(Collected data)
_____

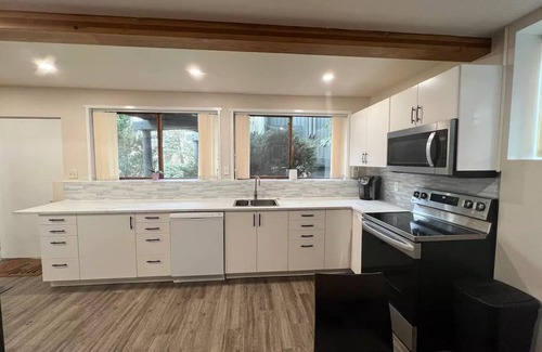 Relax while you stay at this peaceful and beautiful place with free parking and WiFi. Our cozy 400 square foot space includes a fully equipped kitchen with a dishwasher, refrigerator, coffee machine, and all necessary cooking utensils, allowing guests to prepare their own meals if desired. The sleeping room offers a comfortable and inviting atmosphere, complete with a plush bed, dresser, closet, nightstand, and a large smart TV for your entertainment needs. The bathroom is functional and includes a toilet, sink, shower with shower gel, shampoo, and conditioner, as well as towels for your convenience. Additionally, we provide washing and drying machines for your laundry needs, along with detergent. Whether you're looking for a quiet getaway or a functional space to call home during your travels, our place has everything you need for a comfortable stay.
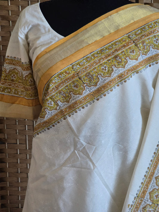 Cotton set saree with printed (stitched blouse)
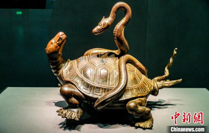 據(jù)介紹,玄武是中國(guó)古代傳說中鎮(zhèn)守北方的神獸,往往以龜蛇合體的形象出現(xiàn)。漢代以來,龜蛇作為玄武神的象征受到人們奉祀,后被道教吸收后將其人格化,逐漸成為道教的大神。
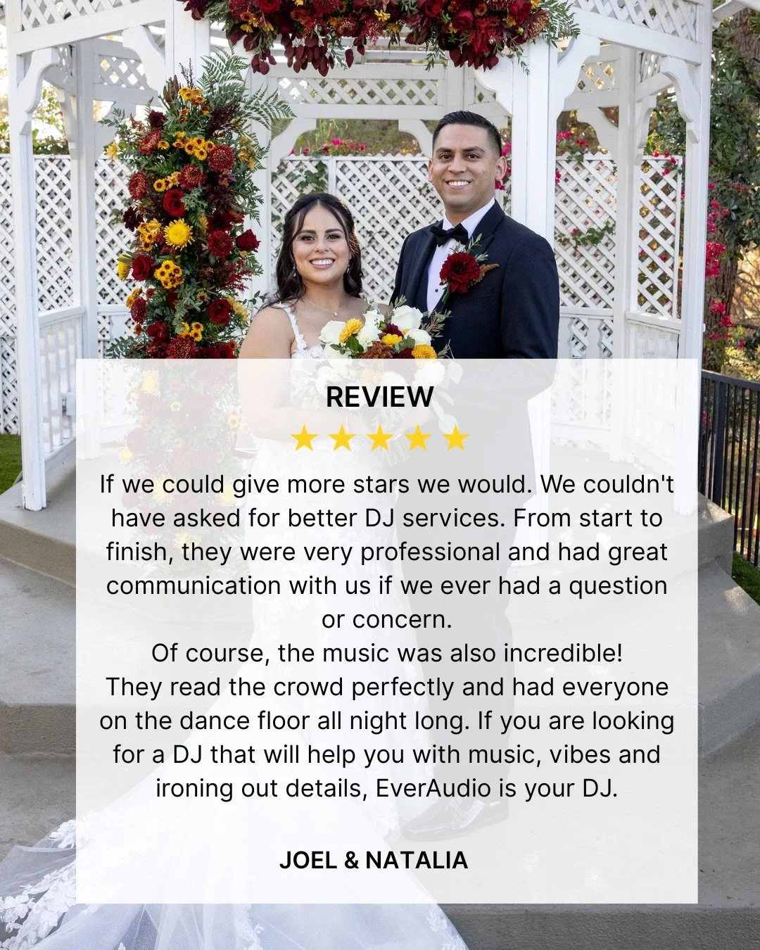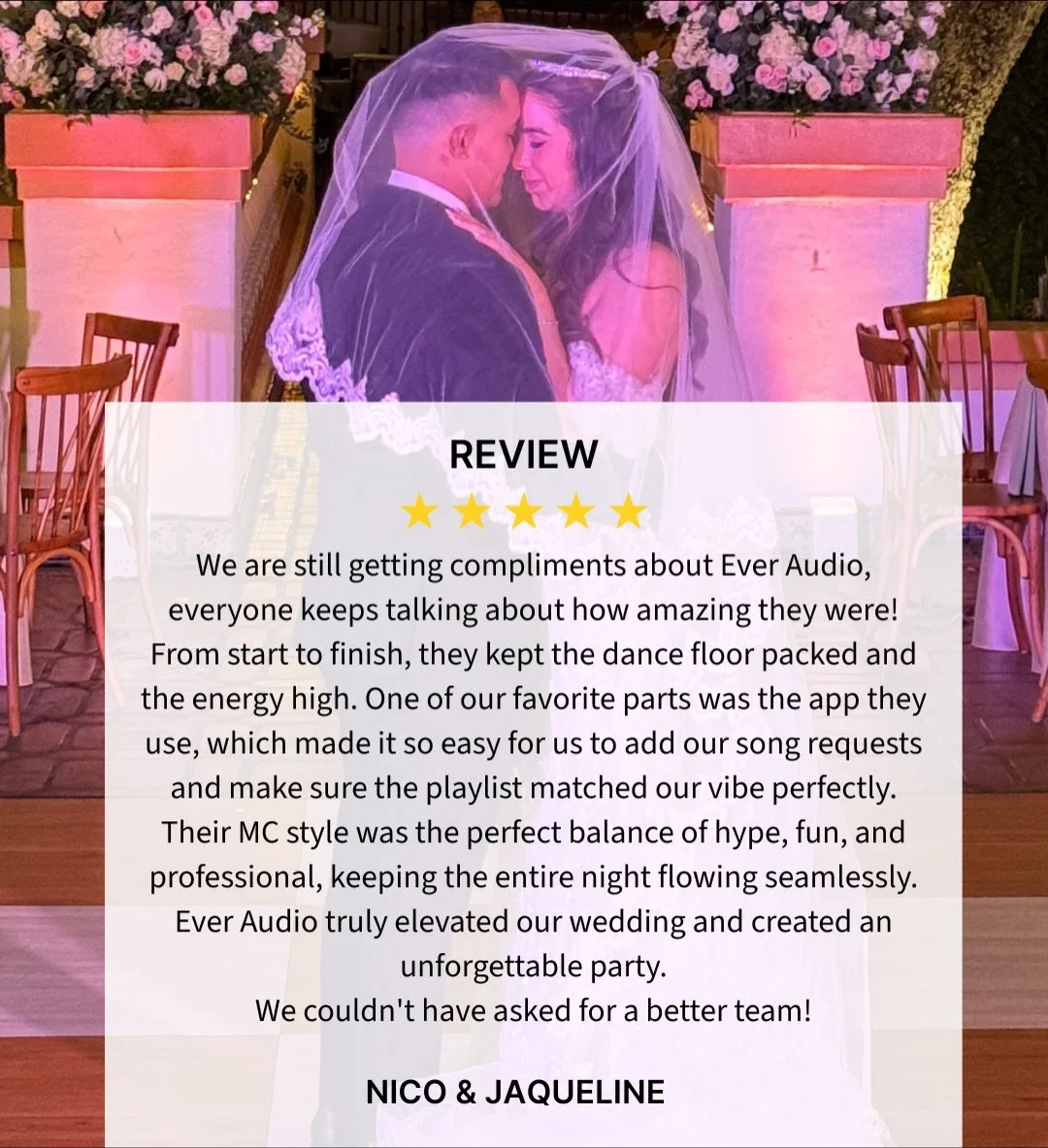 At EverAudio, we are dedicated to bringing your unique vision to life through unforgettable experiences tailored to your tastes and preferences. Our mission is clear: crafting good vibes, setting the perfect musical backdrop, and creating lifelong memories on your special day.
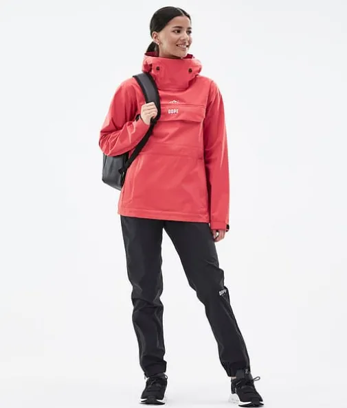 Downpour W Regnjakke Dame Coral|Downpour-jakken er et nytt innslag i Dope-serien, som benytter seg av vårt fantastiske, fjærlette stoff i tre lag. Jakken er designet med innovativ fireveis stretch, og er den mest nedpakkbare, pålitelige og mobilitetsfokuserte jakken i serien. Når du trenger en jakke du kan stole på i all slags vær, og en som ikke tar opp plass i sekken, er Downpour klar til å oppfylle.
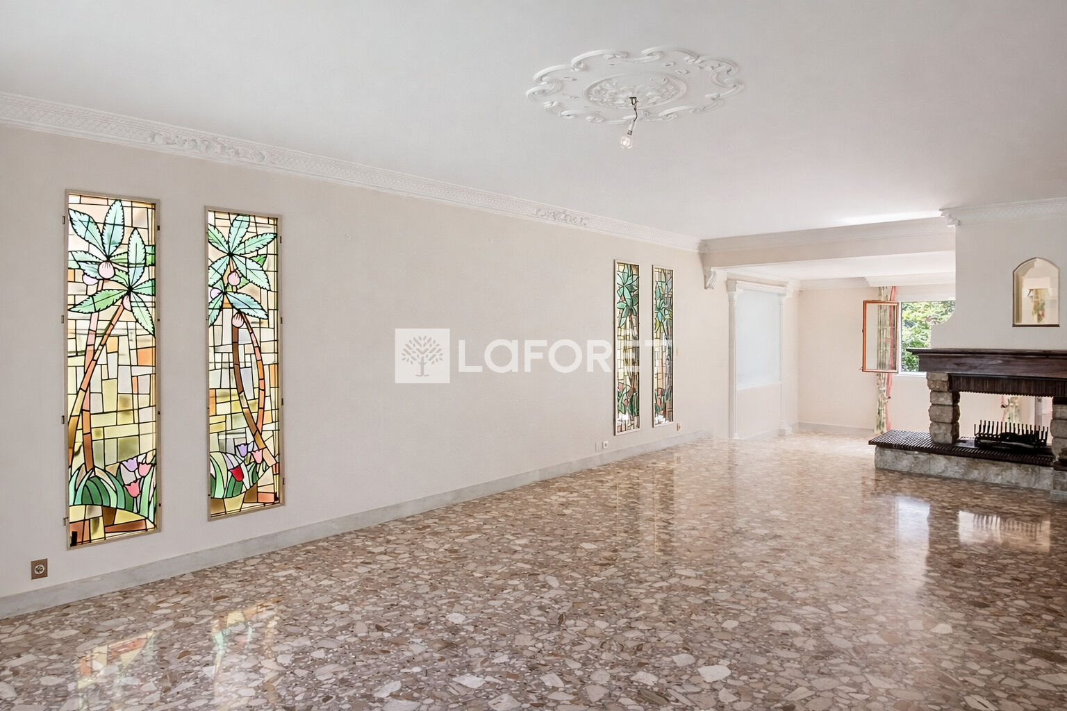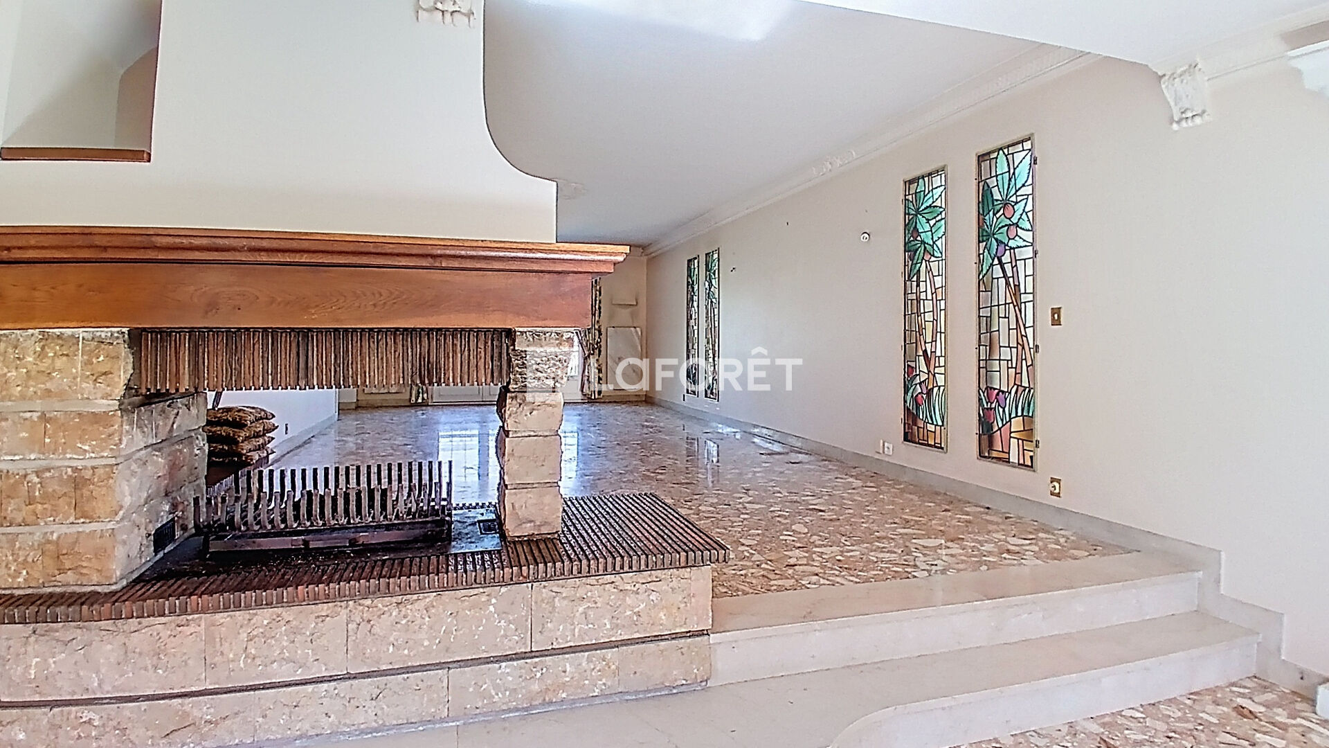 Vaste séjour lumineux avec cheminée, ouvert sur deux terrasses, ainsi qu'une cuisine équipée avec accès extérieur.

_____

» Exercise directions
Produce the data again character for character, with the images left out.

» Expected answer
 Relax while you stay at this peaceful and beautiful place with free parking and WiFi. Our cozy 400 square foot space includes a fully equipped kitchen with a dishwasher, refrigerator, coffee machine, and all necessary cooking utensils, allowing guests to prepare their own meals if desired. The sleeping room offers a comfortable and inviting atmosphere, complete with a plush bed, dresser, closet, nightstand, and a large smart TV for your entertainment needs. The bathroom is functional and includes a toilet, sink, shower with shower gel, shampoo, and conditioner, as well as towels for your convenience. Additionally, we provide washing and drying machines for your laundry needs, along with detergent. Whether you're looking for a quiet getaway or a functional space to call home during your travels, our place has everything you need for a comfortable stay.
 Cotton set saree with printed (stitched blouse)
 據(jù)介紹,玄武是中國(guó)古代傳說中鎮(zhèn)守北方的神獸,往往以龜蛇合體的形象出現(xiàn)。漢代以來,龜蛇作為玄武神的象征受到人們奉祀,后被道教吸收后將其人格化,逐漸成為道教的大神。
 At EverAudio, we are dedicated to bringing your unique vision to life through unforgettable experiences tailored to your tastes and preferences. Our mission is clear: crafting good vibes, setting the perfect musical backdrop, and creating lifelong memories on your special day.
 Downpour W Regnjakke Dame Coral|Downpour-jakken er et nytt innslag i Dope-serien, som benytter seg av vårt fantastiske, fjærlette stoff i tre lag. Jakken er designet med innovativ fireveis stretch, og er den mest nedpakkbare, pålitelige og mobilitetsfokuserte jakken i serien. Når du trenger en jakke du kan stole på i all slags vær, og en som ikke tar opp plass i sekken, er Downpour klar til å oppfylle.
 Vaste séjour lumineux avec cheminée, ouvert sur deux terrasses, ainsi qu'une cuisine équipée avec accès extérieur.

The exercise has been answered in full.